**What to work on:**
Would you return the lines that run from the start of the data below to the line with "Обнаженная Кейт Мосс", both included, exactly as written and without pictures?

[Stored items]
········
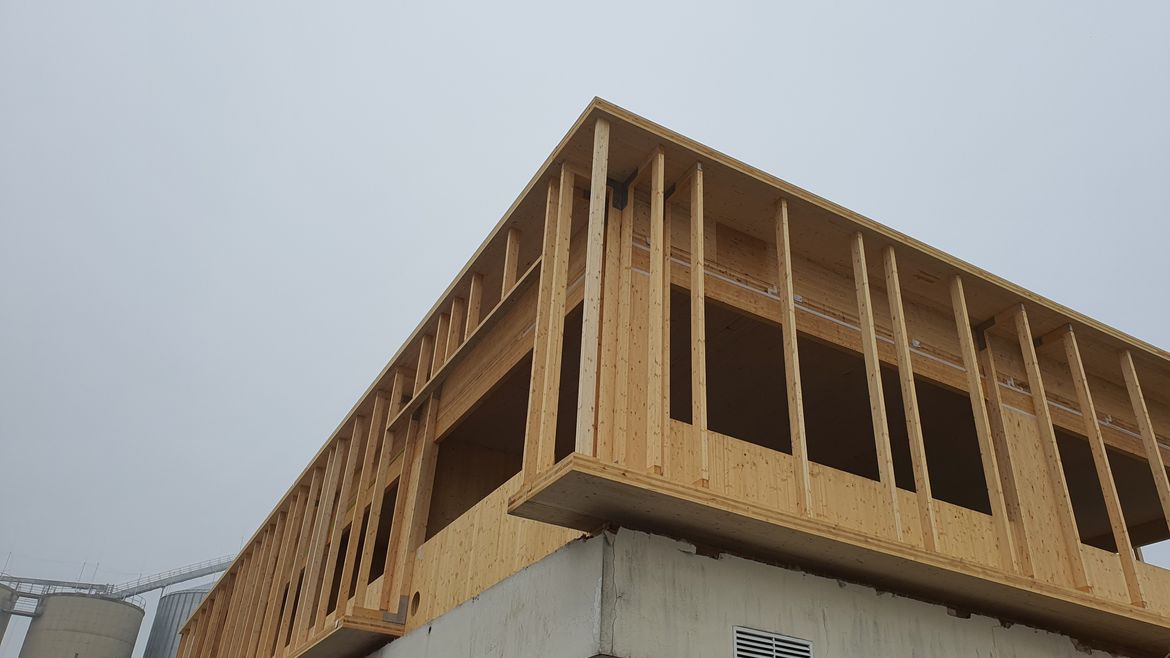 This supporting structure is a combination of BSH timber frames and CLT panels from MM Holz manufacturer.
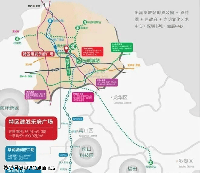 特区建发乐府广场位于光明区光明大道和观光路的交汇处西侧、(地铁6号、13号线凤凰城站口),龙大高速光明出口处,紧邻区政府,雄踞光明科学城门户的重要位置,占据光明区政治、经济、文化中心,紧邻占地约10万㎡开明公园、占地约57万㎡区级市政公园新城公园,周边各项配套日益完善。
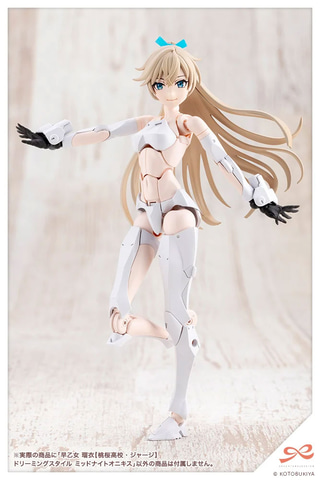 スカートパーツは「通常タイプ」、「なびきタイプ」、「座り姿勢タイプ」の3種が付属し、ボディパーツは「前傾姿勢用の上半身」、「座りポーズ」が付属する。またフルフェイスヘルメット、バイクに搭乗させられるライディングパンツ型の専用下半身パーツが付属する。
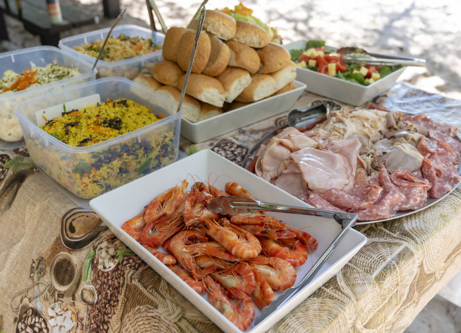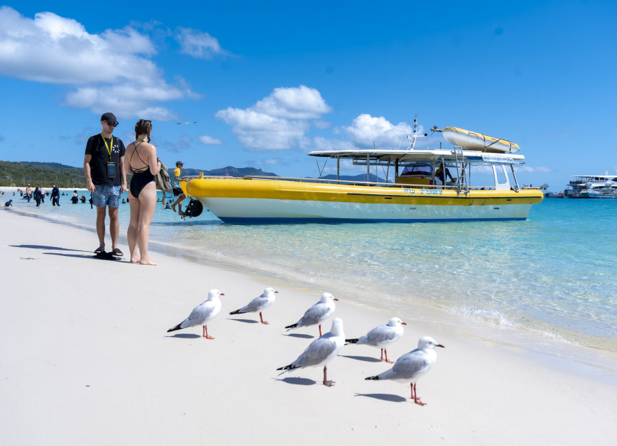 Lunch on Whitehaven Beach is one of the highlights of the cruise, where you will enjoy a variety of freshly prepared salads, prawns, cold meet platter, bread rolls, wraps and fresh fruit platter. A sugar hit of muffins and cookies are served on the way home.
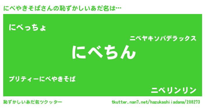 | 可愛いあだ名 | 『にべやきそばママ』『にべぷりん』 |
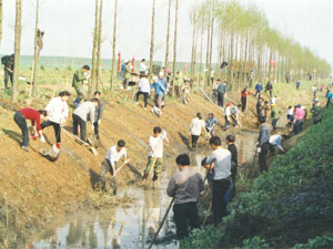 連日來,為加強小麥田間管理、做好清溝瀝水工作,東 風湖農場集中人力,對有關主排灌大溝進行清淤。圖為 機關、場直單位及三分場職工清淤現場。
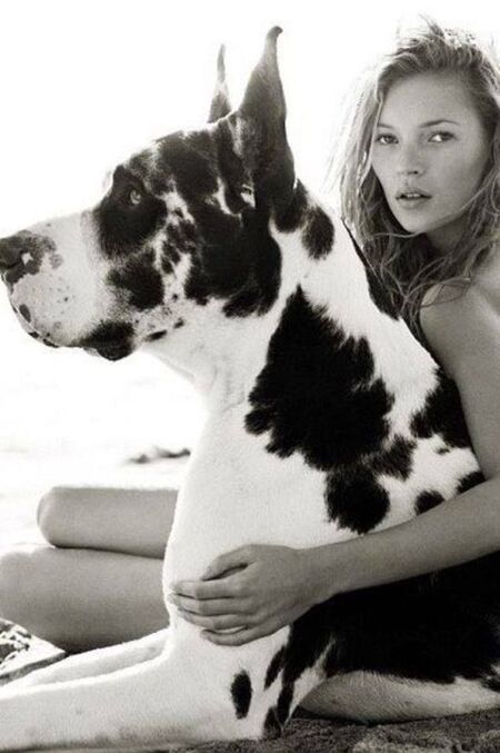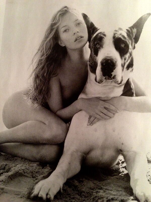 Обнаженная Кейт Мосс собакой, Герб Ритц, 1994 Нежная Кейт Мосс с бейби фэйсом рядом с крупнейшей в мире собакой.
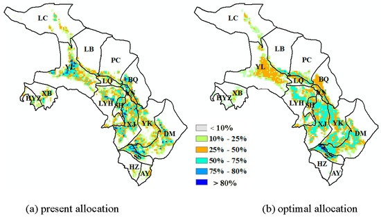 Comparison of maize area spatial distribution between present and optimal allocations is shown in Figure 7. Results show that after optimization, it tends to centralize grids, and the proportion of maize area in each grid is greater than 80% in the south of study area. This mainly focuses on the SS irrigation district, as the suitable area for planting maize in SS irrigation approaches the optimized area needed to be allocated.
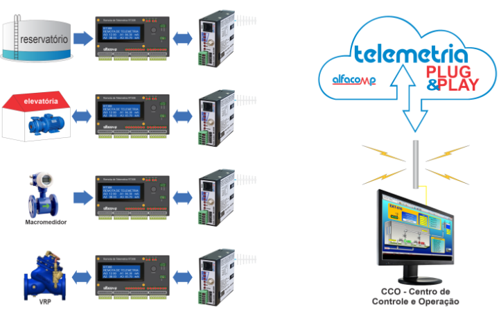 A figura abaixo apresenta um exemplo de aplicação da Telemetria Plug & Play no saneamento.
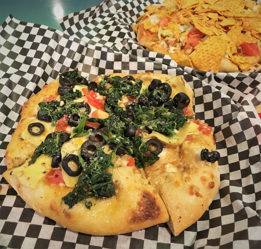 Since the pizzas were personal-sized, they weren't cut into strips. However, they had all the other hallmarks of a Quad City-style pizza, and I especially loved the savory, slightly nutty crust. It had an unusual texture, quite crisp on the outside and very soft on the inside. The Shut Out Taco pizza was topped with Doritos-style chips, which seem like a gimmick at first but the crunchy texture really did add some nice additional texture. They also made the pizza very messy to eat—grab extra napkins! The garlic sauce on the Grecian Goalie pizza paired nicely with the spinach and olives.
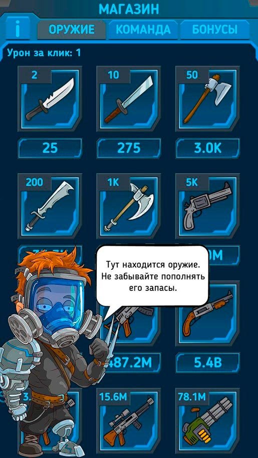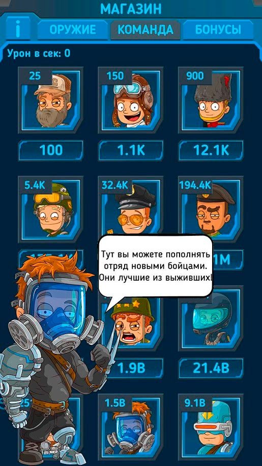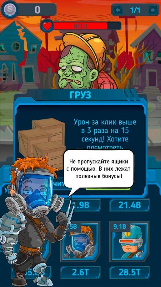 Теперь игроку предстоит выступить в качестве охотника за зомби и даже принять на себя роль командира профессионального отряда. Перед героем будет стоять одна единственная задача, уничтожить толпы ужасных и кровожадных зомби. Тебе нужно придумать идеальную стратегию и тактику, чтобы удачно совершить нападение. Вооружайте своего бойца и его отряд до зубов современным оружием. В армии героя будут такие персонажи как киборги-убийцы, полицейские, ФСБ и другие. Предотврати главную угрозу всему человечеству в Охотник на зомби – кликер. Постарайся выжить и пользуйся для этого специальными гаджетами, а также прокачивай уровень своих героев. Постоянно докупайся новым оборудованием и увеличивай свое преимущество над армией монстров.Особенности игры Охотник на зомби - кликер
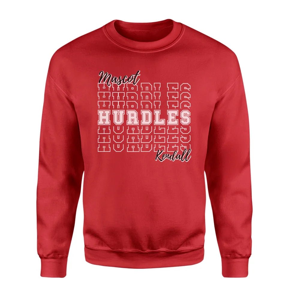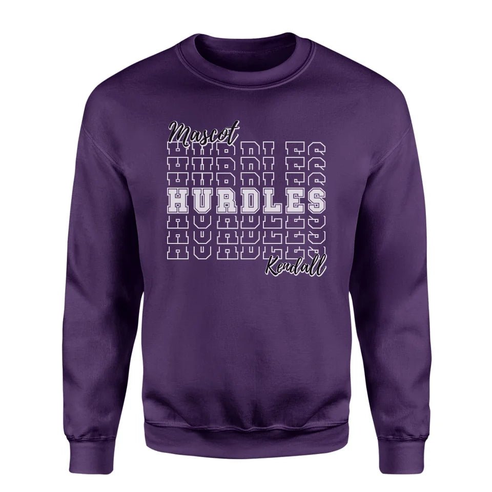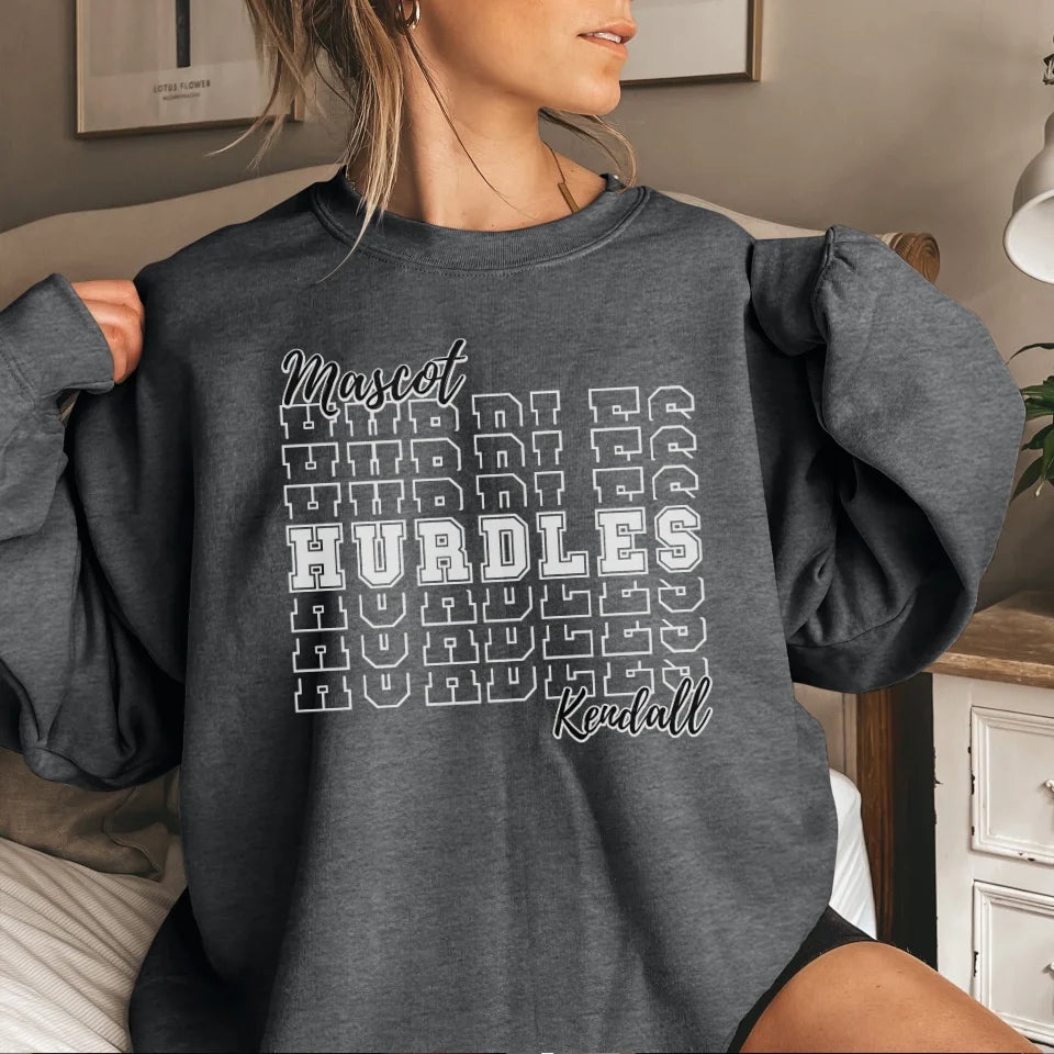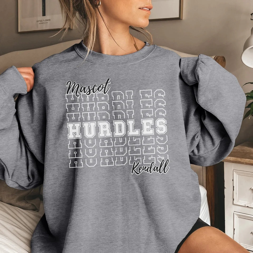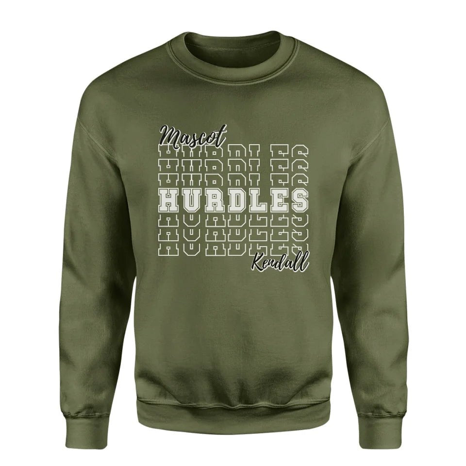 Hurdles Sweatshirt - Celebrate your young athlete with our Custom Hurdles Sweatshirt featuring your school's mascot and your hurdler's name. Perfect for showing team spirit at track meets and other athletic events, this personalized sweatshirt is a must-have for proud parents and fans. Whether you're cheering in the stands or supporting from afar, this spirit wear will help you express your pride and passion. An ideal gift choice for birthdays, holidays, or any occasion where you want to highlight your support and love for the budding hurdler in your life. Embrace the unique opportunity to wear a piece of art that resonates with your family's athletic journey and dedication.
········
**Written response:**
 This supporting structure is a combination of BSH timber frames and CLT panels from MM Holz manufacturer.
 特区建发乐府广场位于光明区光明大道和观光路的交汇处西侧、(地铁6号、13号线凤凰城站口),龙大高速光明出口处,紧邻区政府,雄踞光明科学城门户的重要位置,占据光明区政治、经济、文化中心,紧邻占地约10万㎡开明公园、占地约57万㎡区级市政公园新城公园,周边各项配套日益完善。
 スカートパーツは「通常タイプ」、「なびきタイプ」、「座り姿勢タイプ」の3種が付属し、ボディパーツは「前傾姿勢用の上半身」、「座りポーズ」が付属する。またフルフェイスヘルメット、バイクに搭乗させられるライディングパンツ型の専用下半身パーツが付属する。
 Lunch on Whitehaven Beach is one of the highlights of the cruise, where you will enjoy a variety of freshly prepared salads, prawns, cold meet platter, bread rolls, wraps and fresh fruit platter. A sugar hit of muffins and cookies are served on the way home.
 | 可愛いあだ名 | 『にべやきそばママ』『にべぷりん』 |
 連日來,為加強小麥田間管理、做好清溝瀝水工作,東 風湖農場集中人力,對有關主排灌大溝進行清淤。圖為 機關、場直單位及三分場職工清淤現場。
 Обнаженная Кейт Мосс собакой, Герб Ритц, 1994 Нежная Кейт Мосс с бейби фэйсом рядом с крупнейшей в мире собакой.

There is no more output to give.